It is a house well-suited for dinner parties, so that’s what we do, plan them over and over, or more specifically, plan who will come. They are the sorts of parties that cause heads of state to postpone summits. Such is the grandeur we assign.

Everyone wants to be here, and because of this we spend hours deciding on our guests. Carolyn has a schoolgirl crush on Steven Tyler, the singer from Aerosmith, so he is given a seat. I’ve just seen
The English Patient,
so I put Ralph Fiennes on the list. “We have to be selective about whom we have over,” I say. “It will be
very
exclusive. No reporters. No interviews. And they have to be able to soft shoe and tell a good joke.”

We expect there to be cameras clumped in the hedges at all times, waiting for us to appear—it suits us fine, since in the tradition of
Grey Gardens
we will rarely step outside. We imagine that everyone will want to talk to us, and we also imagine it quiet. We are wanted, yet left alone—the clamor entirely at our disposal.

“I’ll be the eccentric, aged beauty,” Carolyn says. “We’ll have all these pictures of me—the young me—around and I’ll bring them out for visitors.”

The floors are dark wood, “very shiny,” she says. “Walnut.” And the closets are an acre wide filled with gowns and bejeweled shoes that we will change for every meal.

Our guests are completely enthralled with us, spellbound by our stories. They will stay until dawn, we imagine, and listen to us breathlessly, humbled and grateful for our splendor.

We are always dressed in our townhouse—fashionable spinsters with nowhere to go. “You, the ‘Widow Radziwill,’” Carolyn says. “Who’s going to date you?”

“Oh,
really,
look who’s talking,” I shoot back. “Mrs. John F. Kennedy Jr.”

We are Lucy and Ethel, Ginger and Mary Ann, the tortoise and the hare. Pick a twosome—one dazzle and charisma, the other flannel-lined jeans. In the townhouse she lets me shine. She lets me have an
after
—in a grand, gothic style. It is a place where my husband isn’t dying and she isn’t expected to embody Camelot. Just a glittery room set apart from our world, where we live trouble-free, whiling our days away on guest lists.

5

In Year Five, Anthony almost dies three times.

Christmas is precarious. We make appearances. We haven’t seen my family in a long time. They are aware of his cancer, but I keep them at a distance, making excuses for missed birthday parties.
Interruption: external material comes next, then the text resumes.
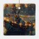 Jetez un coup d'oeil à la magie de la saison des Fêtes avec cette illustration magnifiquement détaillée, montrant un chien fier assis dans un bateau à la décoration festive, glissant à travers un lac serein de Noël. Les lumières scintillantes des pins voisins se reflètent dans l'eau, projetant une lumière chaude et festive qui renforce l'ambiance cosy. Des ornements pendent des côtés du bateau, tandis que des lanternes brillantes éclairent le chemin, créant une scène qui capture l'essence véritable de la chaleur et de la joie de Noël. Cette oeuvre nostalgique apporte une touche de magie de vacances à tout espace, parfait pour ceux qui chérissent l'esprit de la saison.

But Christmas is hard to avoid, so we go to my parents’ house and exchange presents with my brothers and sisters. It’s awkward. They haven’t seen him like this. The house fills up and I flit around, work the room. I am louder and happier in hopes that no one will notice him. I try to be present enough for the both of us while zealously guarding his position on the couch. He barely moves from it. He is thinner now than anyone in my family has ever seen him. There is no hiding anything today, and no one knows what to say.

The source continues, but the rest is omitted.